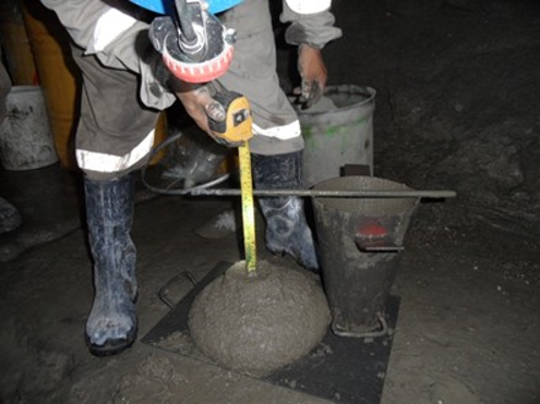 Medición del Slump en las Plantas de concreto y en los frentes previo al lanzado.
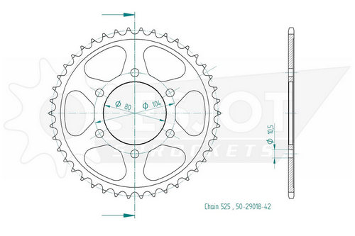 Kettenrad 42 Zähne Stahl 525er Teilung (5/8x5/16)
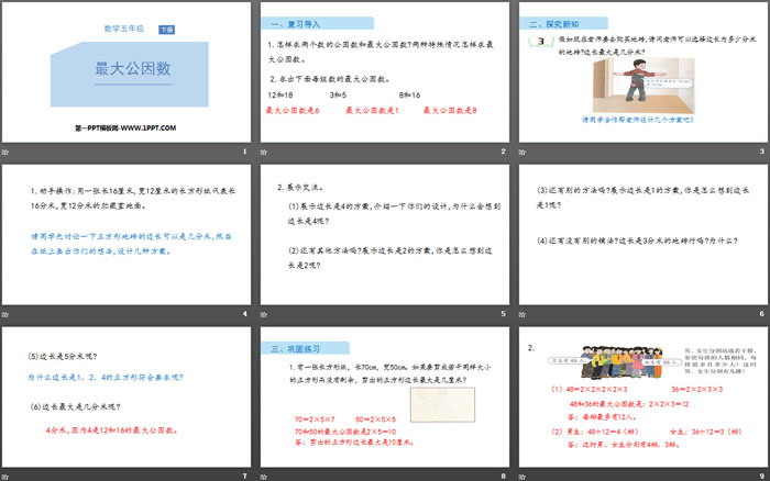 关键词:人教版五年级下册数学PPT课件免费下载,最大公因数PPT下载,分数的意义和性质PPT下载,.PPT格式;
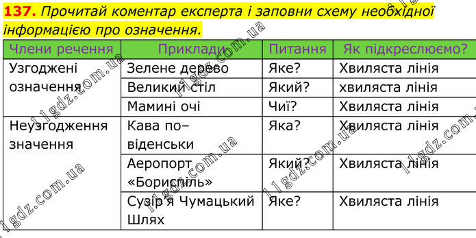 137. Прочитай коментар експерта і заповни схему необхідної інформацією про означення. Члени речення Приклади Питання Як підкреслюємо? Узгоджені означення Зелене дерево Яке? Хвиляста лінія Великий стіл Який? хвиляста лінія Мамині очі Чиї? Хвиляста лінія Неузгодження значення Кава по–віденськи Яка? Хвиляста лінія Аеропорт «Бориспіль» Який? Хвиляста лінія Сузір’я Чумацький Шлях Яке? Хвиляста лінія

---

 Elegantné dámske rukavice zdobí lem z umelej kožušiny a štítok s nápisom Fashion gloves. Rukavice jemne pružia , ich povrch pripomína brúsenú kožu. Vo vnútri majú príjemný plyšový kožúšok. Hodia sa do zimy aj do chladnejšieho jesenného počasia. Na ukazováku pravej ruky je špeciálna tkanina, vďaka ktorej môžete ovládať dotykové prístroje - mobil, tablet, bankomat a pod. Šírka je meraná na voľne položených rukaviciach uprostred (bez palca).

◆ Problem description
Give exactly the lines above that run from the line with "Kettenrad 42 Zähne" to the line with "137. Прочитай коментар", both included, leaving every picture out.

◆ Reply
 Kettenrad 42 Zähne Stahl 525er Teilung (5/8x5/16)
 关键词:人教版五年级下册数学PPT课件免费下载,最大公因数PPT下载,分数的意义和性质PPT下载,.PPT格式;
 137. Прочитай коментар експерта і заповни схему необхідної інформацією про означення. Члени речення Приклади Питання Як підкреслюємо? Узгоджені означення Зелене дерево Яке? Хвиляста лінія Великий стіл Який? хвиляста лінія Мамині очі Чиї? Хвиляста лінія Неузгодження значення Кава по–віденськи Яка? Хвиляста лінія Аеропорт «Бориспіль» Який? Хвиляста лінія Сузір’я Чумацький Шлях Яке? Хвиляста лінія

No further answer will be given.